Data shown below:

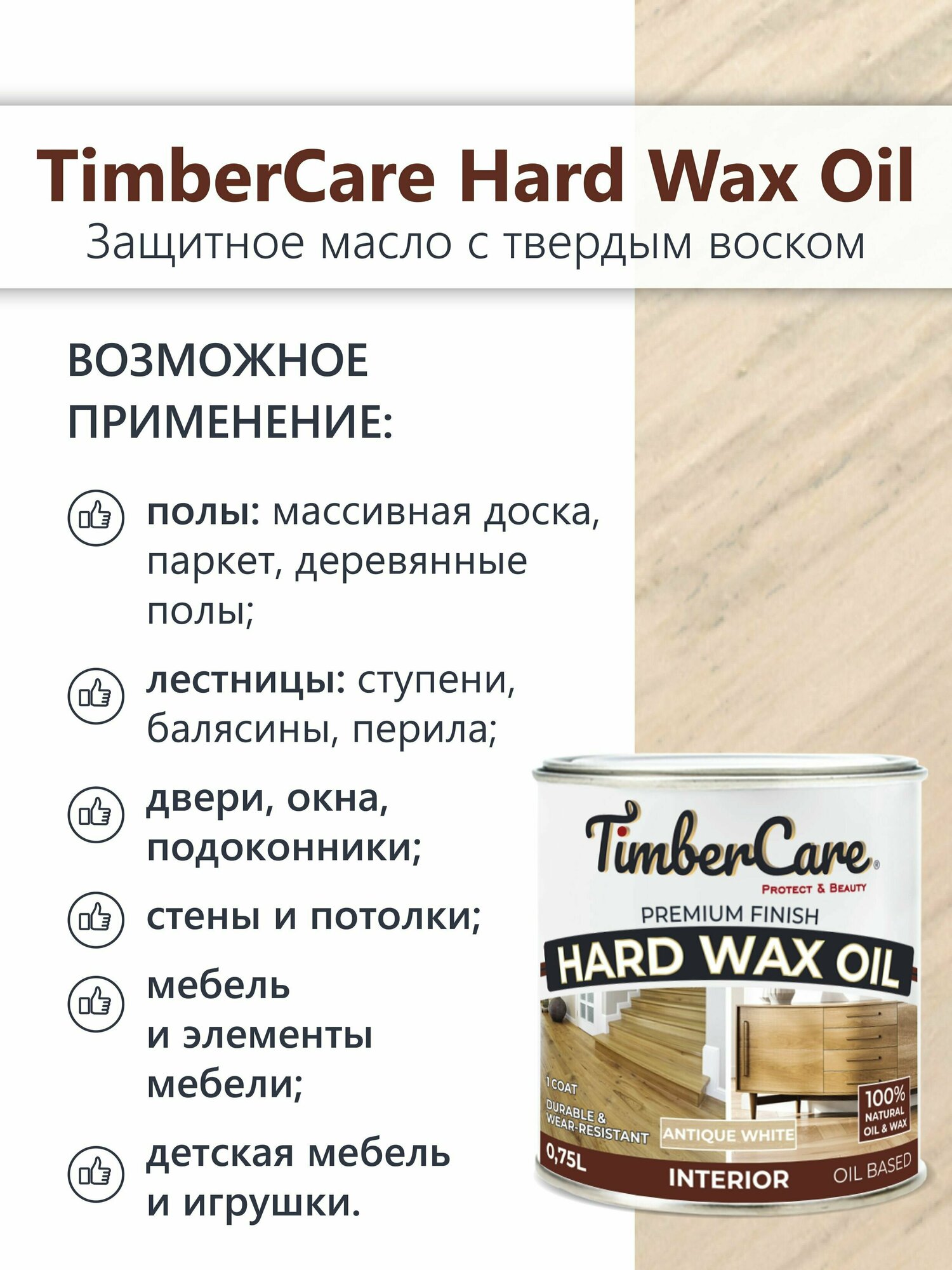 Масло для дерева и мебели TimberCare Wood Stain, быстросохнущие масла для дерева для внутренних работ, Античный белый / Warm Antique, 0.75 л
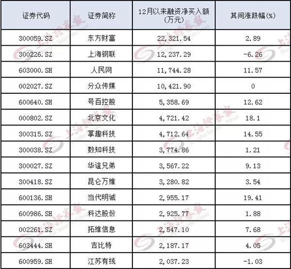 数据显示,12月以来,共有14只个股融资余额增长超过2亿元,其中隶属电子、计算机行业的科技股就多达10只。
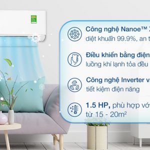 Tóm lại, sản phẩm này có nhiều công nghệ như Inverter, lọc không khí, chế độ Eco, chức năng Follow me, chức năng hẹn giờ, cơ chế bảo vệ an toàn kép phát hiện rò rỉ thông minh, làm lạnh nhanh,… và công suất 1.5 HP nên phù hợp với diện tích từ 15 – 20m² (từ 40 đến 60m³).
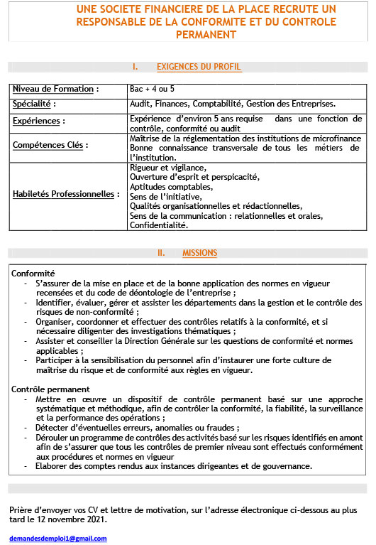 Opportunités d'emplois Une Société Financière de la place recrute un Responsable de la Conformité et du Contrôle Permanent Par Sékou Mohamed SAVANE - 26 octobre 2021 0 2171 FacebookTwitterPinterestWhatsApp

End of Data shown.

• Task requirements: Would you transcribe the listing above line by line, exactly, leaving every picture out?

• Answer space:
 Масло для дерева и мебели TimberCare Wood Stain, быстросохнущие масла для дерева для внутренних работ, Античный белый / Warm Antique, 0.75 л
 数据显示,12月以来,共有14只个股融资余额增长超过2亿元,其中隶属电子、计算机行业的科技股就多达10只。
 Tóm lại, sản phẩm này có nhiều công nghệ như Inverter, lọc không khí, chế độ Eco, chức năng Follow me, chức năng hẹn giờ, cơ chế bảo vệ an toàn kép phát hiện rò rỉ thông minh, làm lạnh nhanh,… và công suất 1.5 HP nên phù hợp với diện tích từ 15 – 20m² (từ 40 đến 60m³).
 Opportunités d'emplois Une Société Financière de la place recrute un Responsable de la Conformité et du Contrôle Permanent Par Sékou Mohamed SAVANE - 26 octobre 2021 0 2171 FacebookTwitterPinterestWhatsApp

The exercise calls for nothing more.